Diabetes Unit and Center for Genomic Medicine, Massachusetts General Hospital, Boston, MA, USA.
Programs in Metabolism and Medical & Population Genetics, Broad Institute of MIT and Harvard, Cambridge, MA, USA.
Diabetologia. 2018 Jun;61(6):1315-1324. doi: 10.1007/s00125-018-4599-x. Epub 2018 Apr 6.
AIMS/HYPOTHESIS: Identifying the metabolite profile of individuals with normal fasting glucose (NFG [<5.55 mmol/l]) who progressed to type 2 diabetes may give novel insights into early type 2 diabetes disease interception and detection.
We conducted a population-based prospective study among 1150 Framingham Heart Study Offspring cohort participants, age 40-65 years, with NFG. Plasma metabolites were profiled by LC-MS/MS. Penalised regression models were used to select measured metabolites for type 2 diabetes incidence classification (training dataset) and to internally validate the discriminatory capability of selected metabolites beyond conventional type 2 diabetes risk factors (testing dataset).
Over a follow-up period of 20 years, 95 individuals with NFG developed type 2 diabetes. Nineteen metabolites were selected repeatedly in the training dataset for type 2 diabetes incidence classification and were found to improve type 2 diabetes risk prediction beyond conventional type 2 diabetes risk factors (AUC was 0.81 for risk factors vs 0.90 for risk factors + metabolites, p = 1.1 × 10). Using pathway enrichment analysis, the nitrogen metabolism pathway, which includes three prioritised metabolites (glycine, taurine and phenylalanine), was significantly enriched for association with type 2 diabetes risk at the false discovery rate of 5% (p = 0.047). In adjusted Cox proportional hazard models, the type 2 diabetes risk per 1 SD increase in glycine, taurine and phenylalanine was 0.65 (95% CI 0.54, 0.78), 0.73 (95% CI 0.59, 0.9) and 1.35 (95% CI 1.11, 1.65), respectively. Mendelian randomisation demonstrated a similar relationship for type 2 diabetes risk per 1 SD genetically increased glycine (OR 0.89 [95% CI 0.8, 0.99]) and phenylalanine (OR 1.6 [95% CI 1.08, 2.4]).
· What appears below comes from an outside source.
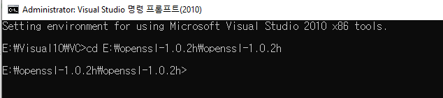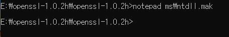$cd 경로 (cd E:\openssl-1.0.2h\openssl-1.0.2h)

CONCLUSIONS/INTERPRETATION: In individuals with NFG, information from a discrete set of 19 metabolites improved prediction of type 2 diabetes beyond conventional risk factors. In addition, the nitrogen metabolism pathway and its components emerged as a potential effector of earliest stages of type 2 diabetes pathophysiology.
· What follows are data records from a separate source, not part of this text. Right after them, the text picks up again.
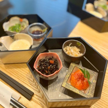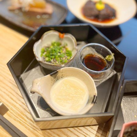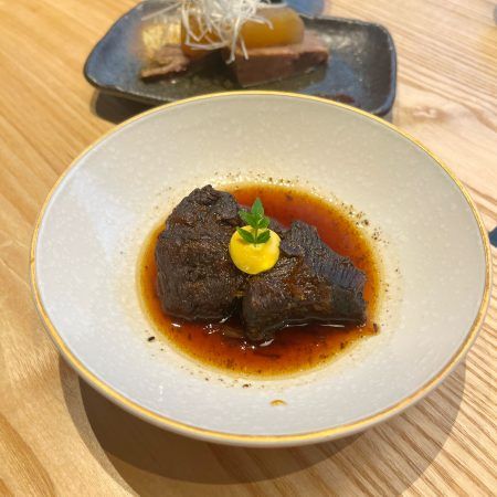 銀座店限定で楽しめるコースは、既存店でも人気の「牛ほほ肉の甘煮」や、「牛の酢もつ」、博多大宰府名物の「梅ひじき」など一品料理も少しずつ並びます。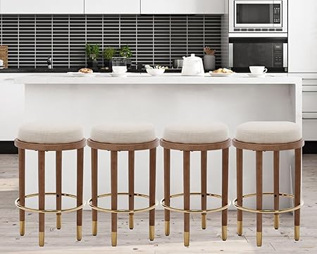 26_‹__‹_ Rustic Backless Bar Stools with Metal Gold Footrest Counter Height Bar Stools Set of 4 Farmhouse Beige Linen Upholstered Wood Bar Stools Modern Round Kitchen Stools with Natural Solid Wood Leg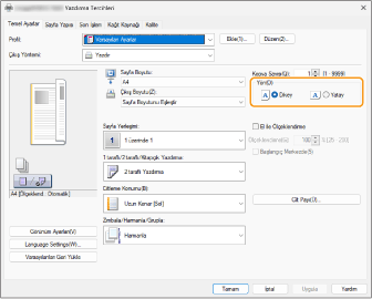 Uygulamanın yazdırma ayarları ekranında orijinalin yönünü seçin.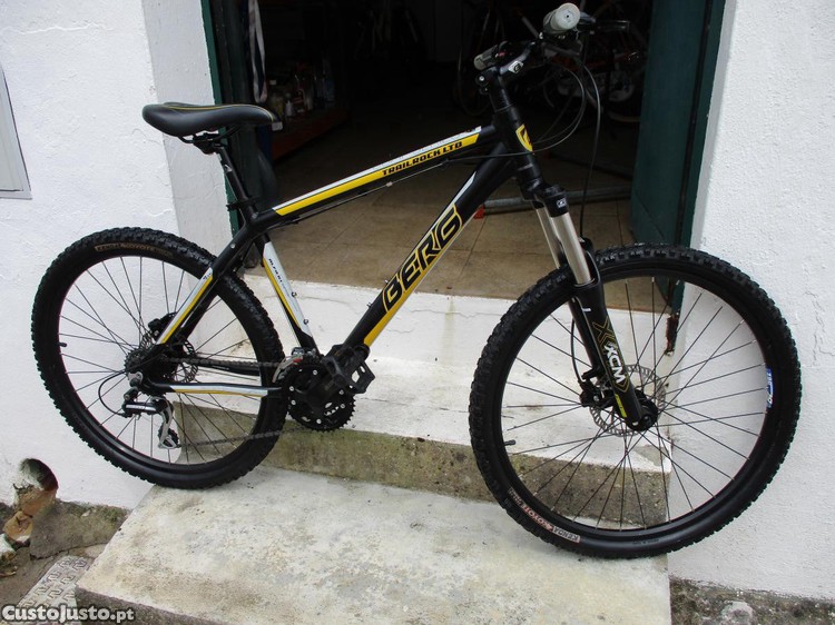 Bicicleta BTT BERG Trail Rock LTD Comp Series, cor preta e dourada, roda 26, c/ 24, travões de disco TEKTRO hidráulicos, pneus KENDA Coyote, suspensão SUNTOUR XCM, mudanças SHIMANO Acera c/ 24 speeds, totalmente revista, lubrificada e afinada por quem sabe.

目的/假设:鉴定空腹血糖正常(NFG [<5.55 mmol/l])但发展为 2 型糖尿病的个体的代谢物谱,可能为早期 2 型糖尿病疾病干预和检测提供新的见解。
我们对 1150 名弗莱明翰心脏研究后代队列参与者进行了一项基于人群的前瞻性研究,年龄在 40-65 岁之间,空腹血糖正常。通过 LC-MS/MS 对血浆代谢物进行了分析。惩罚回归模型用于选择用于 2 型糖尿病发病率分类的测量代谢物(训练数据集),并在常规 2 型糖尿病危险因素之外内部验证所选代谢物的区分能力(测试数据集)。
在 20 年的随访期间,95 名 NFG 个体发展为 2 型糖尿病。在训练数据集中,19 种代谢物被反复选择用于 2 型糖尿病发病分类,并且发现它们可以改善常规 2 型糖尿病危险因素之外的 2 型糖尿病风险预测(危险因素的 AUC 为 0.81,危险因素+代谢物的 AUC 为 0.90,p=1.1×10)。使用途径富集分析,氮代谢途径,包括三种优先代谢物(甘氨酸、牛磺酸和苯丙氨酸),在假发现率为 5%时与 2 型糖尿病风险显著相关(p=0.047)。在调整后的 Cox 比例风险模型中,甘氨酸、牛磺酸和苯丙氨酸每增加 1 SD,2 型糖尿病的风险分别为 0.65(95%CI 0.54,0.78)、0.73(95%CI 0.59,0.9)和 1.35(95%CI 1.11,1.65)。孟德尔随机化研究表明,2 型糖尿病风险每增加 1 SD 的遗传甘氨酸(OR 0.89 [95%CI 0.8,0.99])和苯丙氨酸(OR 1.6 [95%CI 1.08,2.4])也存在类似的关系。
结论/解释:在 NFG 个体中,来自离散的 19 种代谢物的信息可改善常规危险因素以外的 2 型糖尿病预测。此外,氮代谢途径及其成分似乎是 2 型糖尿病病理生理学早期阶段的潜在效应因子。